[Records to process — start]

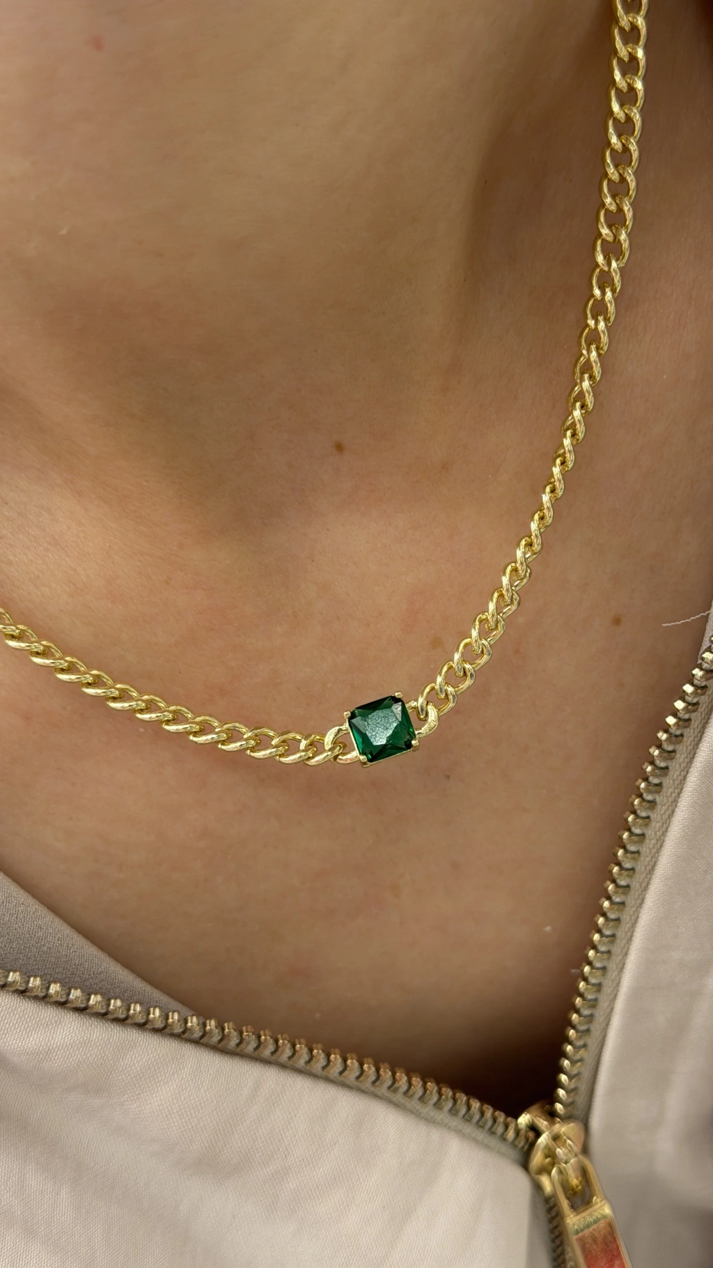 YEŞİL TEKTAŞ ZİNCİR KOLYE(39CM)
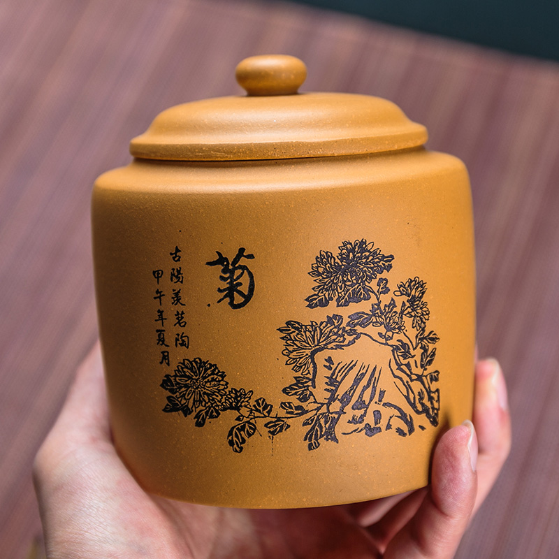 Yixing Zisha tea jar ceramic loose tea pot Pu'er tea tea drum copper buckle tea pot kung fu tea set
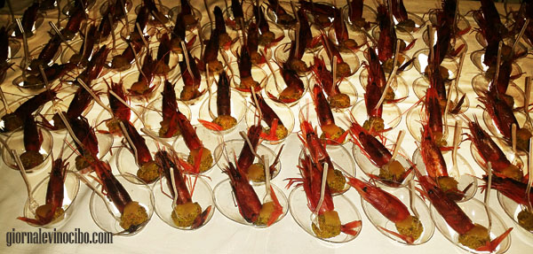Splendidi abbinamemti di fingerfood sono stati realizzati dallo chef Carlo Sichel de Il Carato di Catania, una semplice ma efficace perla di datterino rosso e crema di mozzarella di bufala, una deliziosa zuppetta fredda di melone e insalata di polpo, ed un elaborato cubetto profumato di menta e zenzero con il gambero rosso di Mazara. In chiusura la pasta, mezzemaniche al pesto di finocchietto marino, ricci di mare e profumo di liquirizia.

[Records to process — finish]
[Records to process — start]

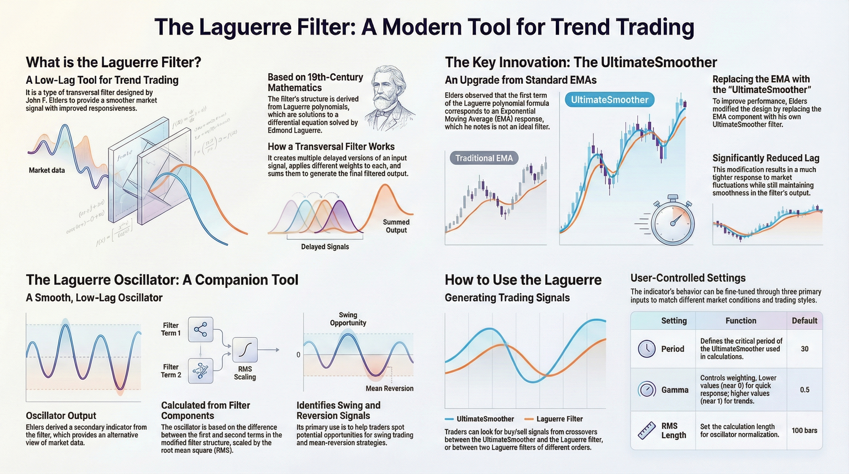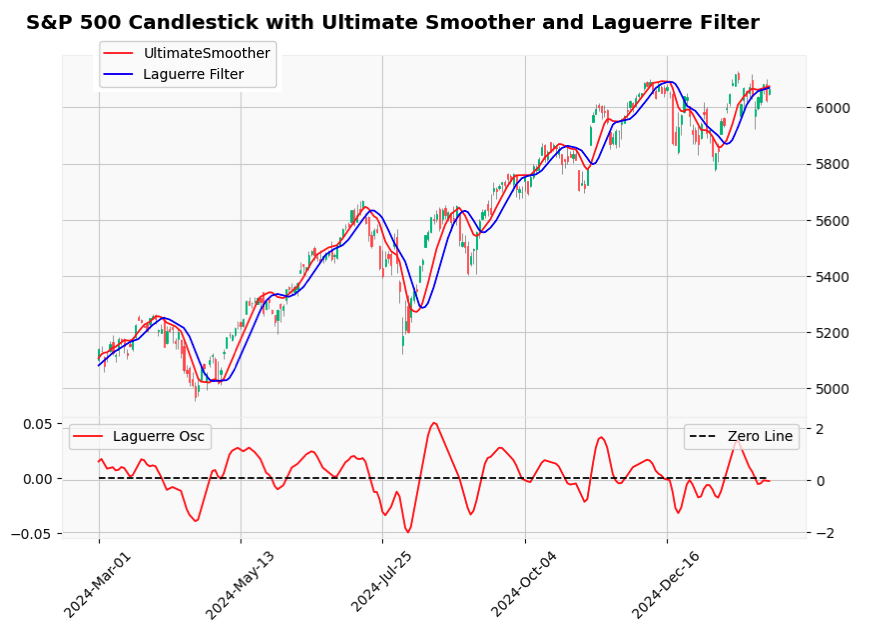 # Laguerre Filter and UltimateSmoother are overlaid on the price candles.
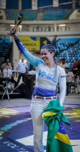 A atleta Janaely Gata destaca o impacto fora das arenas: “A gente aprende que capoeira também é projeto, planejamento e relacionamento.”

[Records to process — finish]

Required work:
In the records above, find the line with "YEŞİL TEKTAŞ ZİNCİR KOLYE(39CM)". Print exactly from there through the line with "Yixing Zisha tea", minus the pictures.

Answer to this exercise:
 YEŞİL TEKTAŞ ZİNCİR KOLYE(39CM)
 Yixing Zisha tea jar ceramic loose tea pot Pu'er tea tea drum copper buckle tea pot kung fu tea set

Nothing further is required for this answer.